### [Data listing]

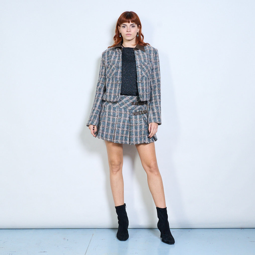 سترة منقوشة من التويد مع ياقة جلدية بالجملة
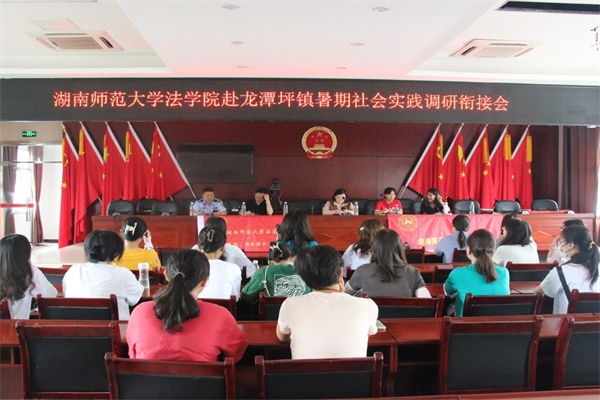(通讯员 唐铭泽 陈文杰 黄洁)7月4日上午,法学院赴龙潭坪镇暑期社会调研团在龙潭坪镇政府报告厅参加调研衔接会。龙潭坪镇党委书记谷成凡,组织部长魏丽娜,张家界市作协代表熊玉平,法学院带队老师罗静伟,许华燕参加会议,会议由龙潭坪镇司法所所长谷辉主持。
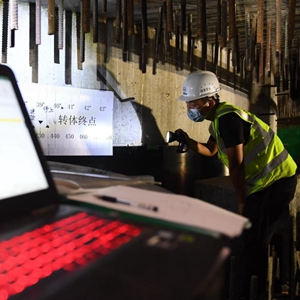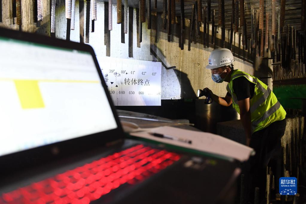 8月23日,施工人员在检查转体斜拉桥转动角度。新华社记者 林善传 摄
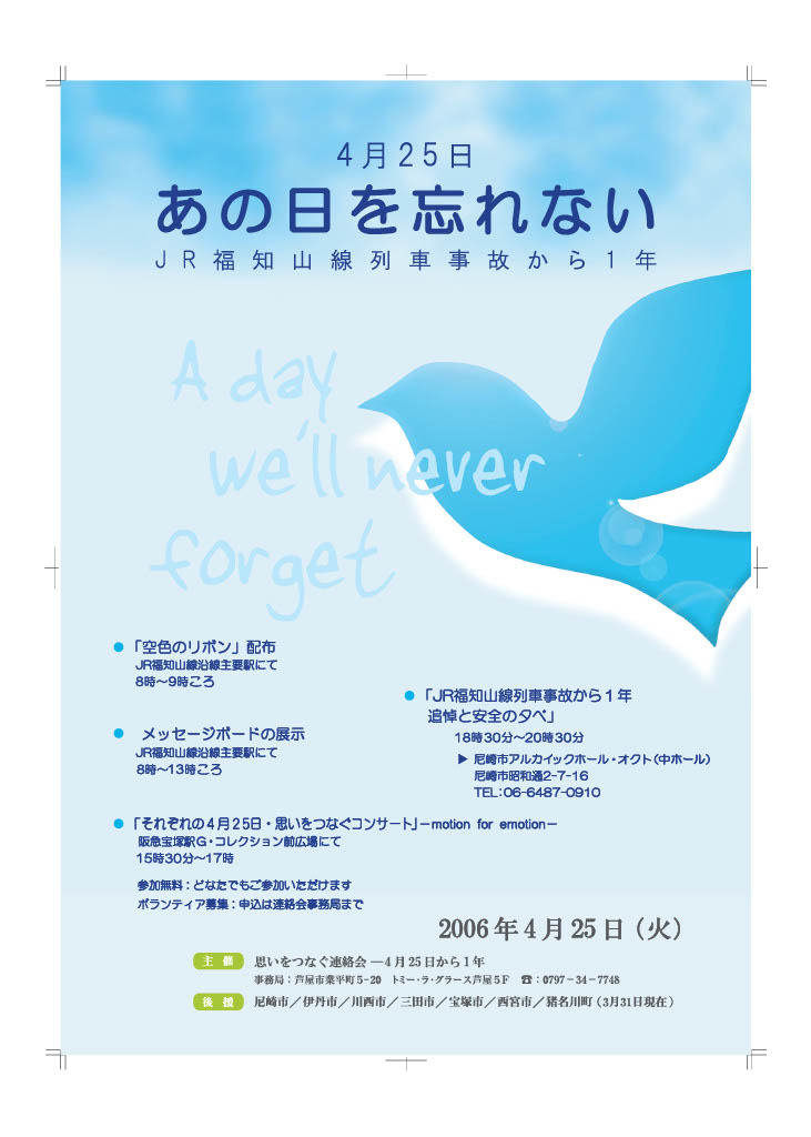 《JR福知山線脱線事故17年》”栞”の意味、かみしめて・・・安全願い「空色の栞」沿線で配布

---

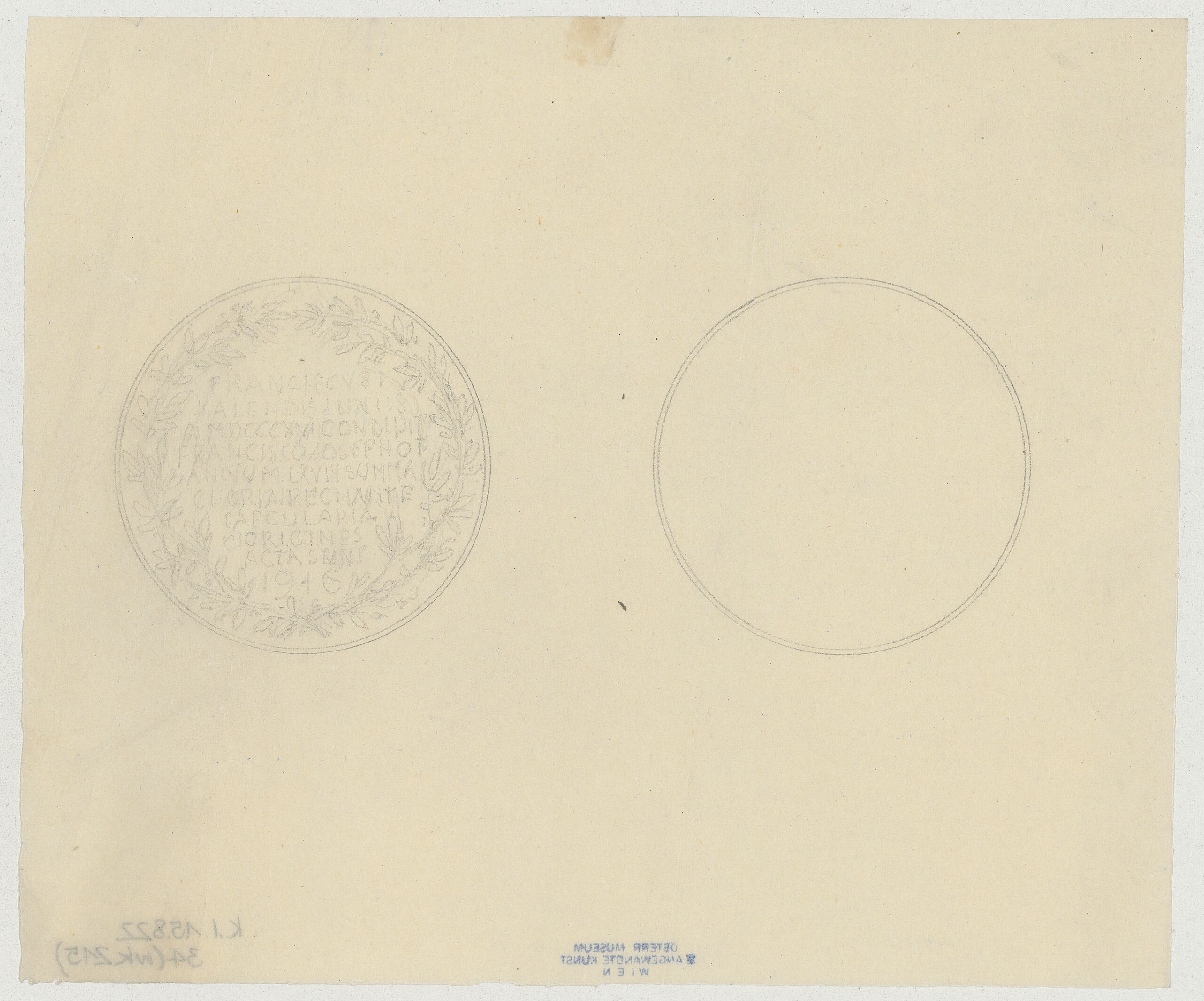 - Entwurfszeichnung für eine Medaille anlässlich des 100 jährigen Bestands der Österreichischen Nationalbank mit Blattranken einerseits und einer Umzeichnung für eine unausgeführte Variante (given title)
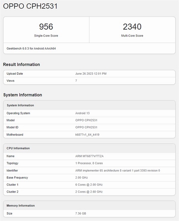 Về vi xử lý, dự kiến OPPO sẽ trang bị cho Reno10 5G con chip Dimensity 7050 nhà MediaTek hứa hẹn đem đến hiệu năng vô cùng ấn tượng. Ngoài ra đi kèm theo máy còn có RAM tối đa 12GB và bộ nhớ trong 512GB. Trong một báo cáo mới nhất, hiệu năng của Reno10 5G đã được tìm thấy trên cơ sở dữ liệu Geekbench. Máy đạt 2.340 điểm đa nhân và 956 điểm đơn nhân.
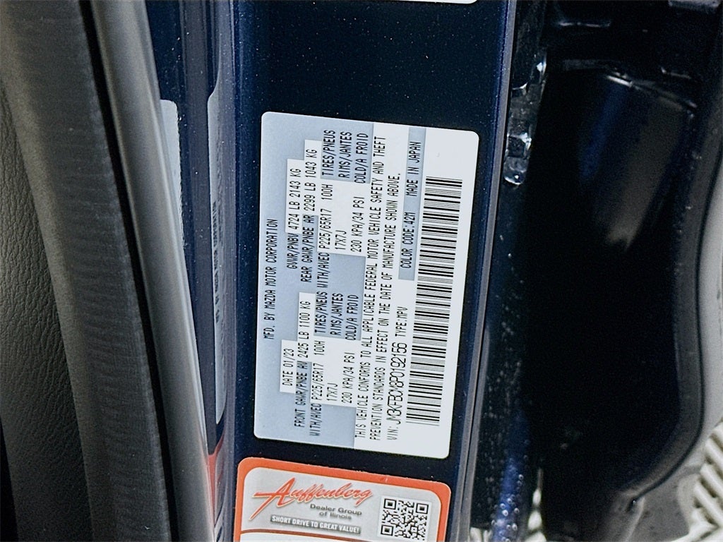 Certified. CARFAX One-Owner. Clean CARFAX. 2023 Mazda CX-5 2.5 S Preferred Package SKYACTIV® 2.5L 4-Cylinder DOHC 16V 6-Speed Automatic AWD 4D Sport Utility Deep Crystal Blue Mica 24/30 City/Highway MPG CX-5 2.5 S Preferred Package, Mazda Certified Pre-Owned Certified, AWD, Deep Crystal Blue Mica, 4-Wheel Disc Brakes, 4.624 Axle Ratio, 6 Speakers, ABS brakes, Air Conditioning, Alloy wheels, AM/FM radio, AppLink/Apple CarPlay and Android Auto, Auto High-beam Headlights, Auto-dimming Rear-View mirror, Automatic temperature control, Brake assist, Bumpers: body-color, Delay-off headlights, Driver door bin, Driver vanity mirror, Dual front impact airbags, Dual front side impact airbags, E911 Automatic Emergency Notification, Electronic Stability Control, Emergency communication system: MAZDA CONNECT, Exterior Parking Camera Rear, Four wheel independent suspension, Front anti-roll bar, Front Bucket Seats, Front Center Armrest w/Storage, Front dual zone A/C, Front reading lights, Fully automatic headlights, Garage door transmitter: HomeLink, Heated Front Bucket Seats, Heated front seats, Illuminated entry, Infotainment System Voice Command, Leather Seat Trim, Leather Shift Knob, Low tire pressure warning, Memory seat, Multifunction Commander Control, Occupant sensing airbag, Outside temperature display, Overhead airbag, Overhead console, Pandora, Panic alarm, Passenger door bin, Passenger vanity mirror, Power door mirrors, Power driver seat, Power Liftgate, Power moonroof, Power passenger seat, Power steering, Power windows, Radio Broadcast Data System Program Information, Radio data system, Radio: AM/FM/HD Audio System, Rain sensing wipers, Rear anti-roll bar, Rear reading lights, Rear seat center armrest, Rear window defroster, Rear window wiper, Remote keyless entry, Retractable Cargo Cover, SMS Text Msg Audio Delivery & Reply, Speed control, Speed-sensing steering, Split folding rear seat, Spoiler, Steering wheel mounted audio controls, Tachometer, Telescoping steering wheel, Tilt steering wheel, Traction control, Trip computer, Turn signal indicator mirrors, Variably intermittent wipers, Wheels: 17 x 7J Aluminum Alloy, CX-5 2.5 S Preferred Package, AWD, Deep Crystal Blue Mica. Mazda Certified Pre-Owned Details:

---

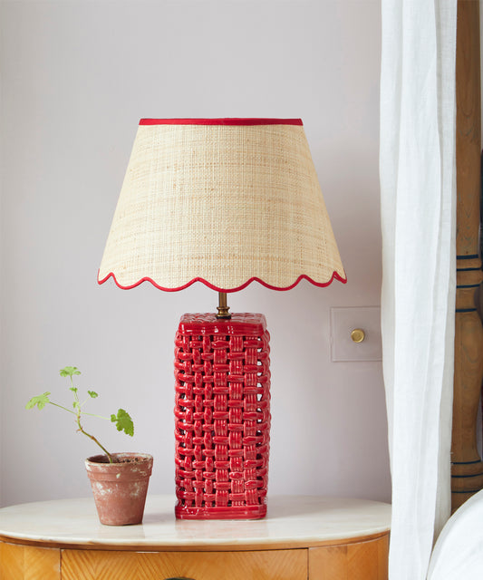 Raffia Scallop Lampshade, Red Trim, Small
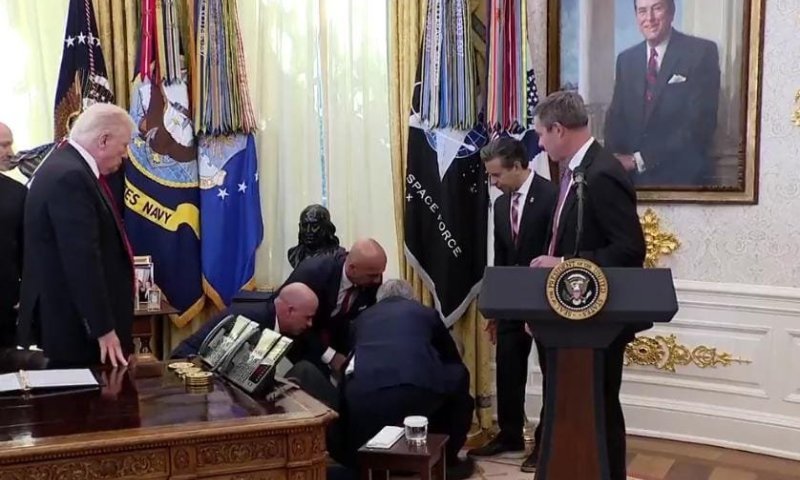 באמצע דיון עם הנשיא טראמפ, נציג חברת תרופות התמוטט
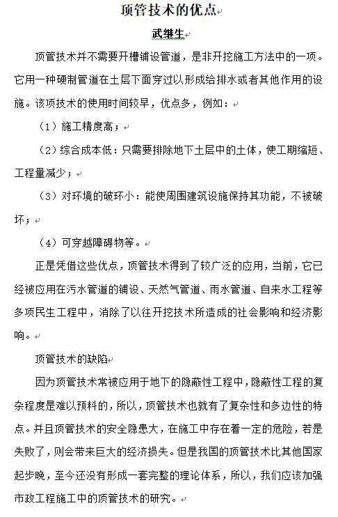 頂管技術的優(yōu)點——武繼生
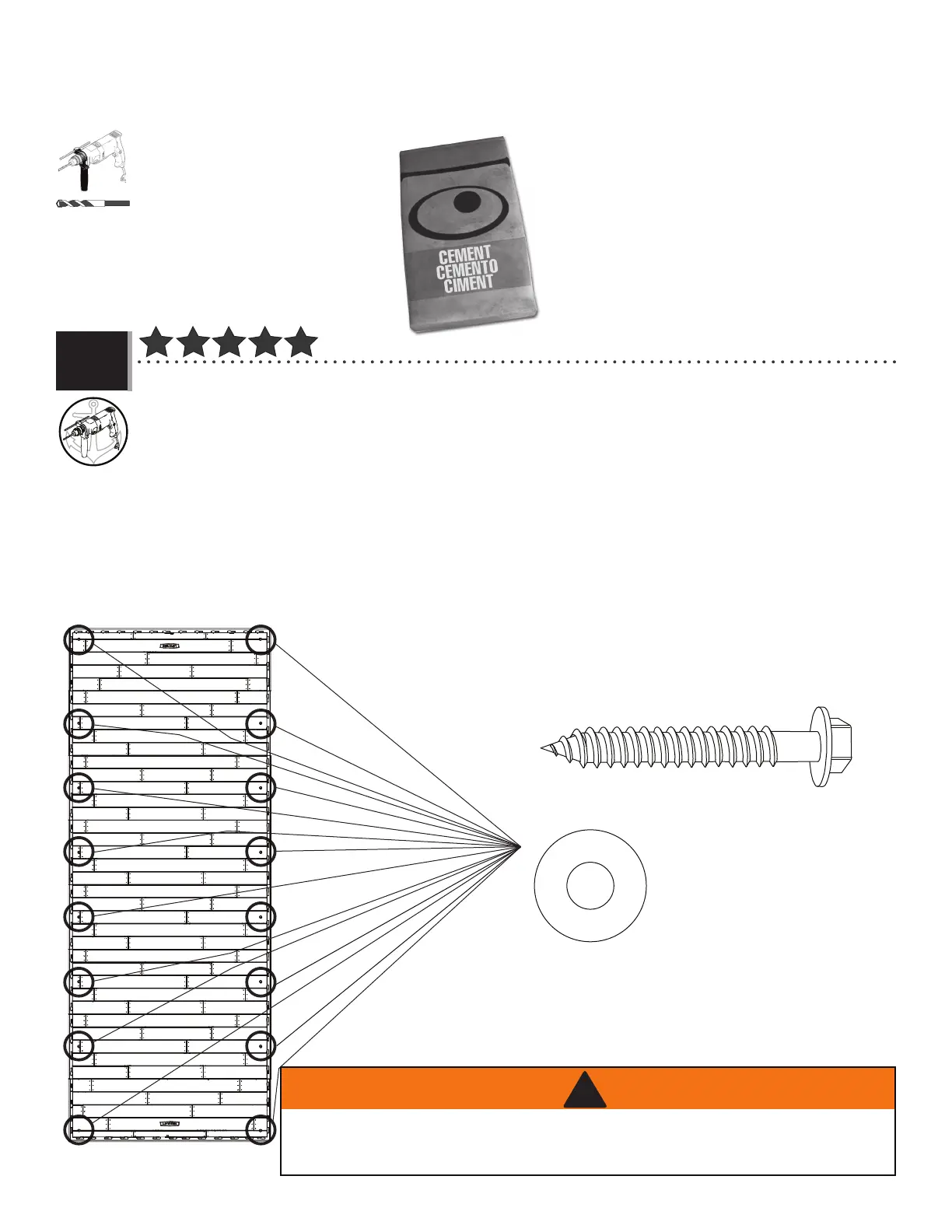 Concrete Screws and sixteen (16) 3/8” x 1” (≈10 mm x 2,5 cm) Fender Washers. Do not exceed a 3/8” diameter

### [Task directions]
Find the line with "- Entwurfszeichnung für" in the data above, and from there retype each line exactly through the line with "Về vi xử lý, dự", skipping the pictures along the way.

### [Response area]
 - Entwurfszeichnung für eine Medaille anlässlich des 100 jährigen Bestands der Österreichischen Nationalbank mit Blattranken einerseits und einer Umzeichnung für eine unausgeführte Variante (given title)
 Về vi xử lý, dự kiến OPPO sẽ trang bị cho Reno10 5G con chip Dimensity 7050 nhà MediaTek hứa hẹn đem đến hiệu năng vô cùng ấn tượng. Ngoài ra đi kèm theo máy còn có RAM tối đa 12GB và bộ nhớ trong 512GB. Trong một báo cáo mới nhất, hiệu năng của Reno10 5G đã được tìm thấy trên cơ sở dữ liệu Geekbench. Máy đạt 2.340 điểm đa nhân và 956 điểm đơn nhân.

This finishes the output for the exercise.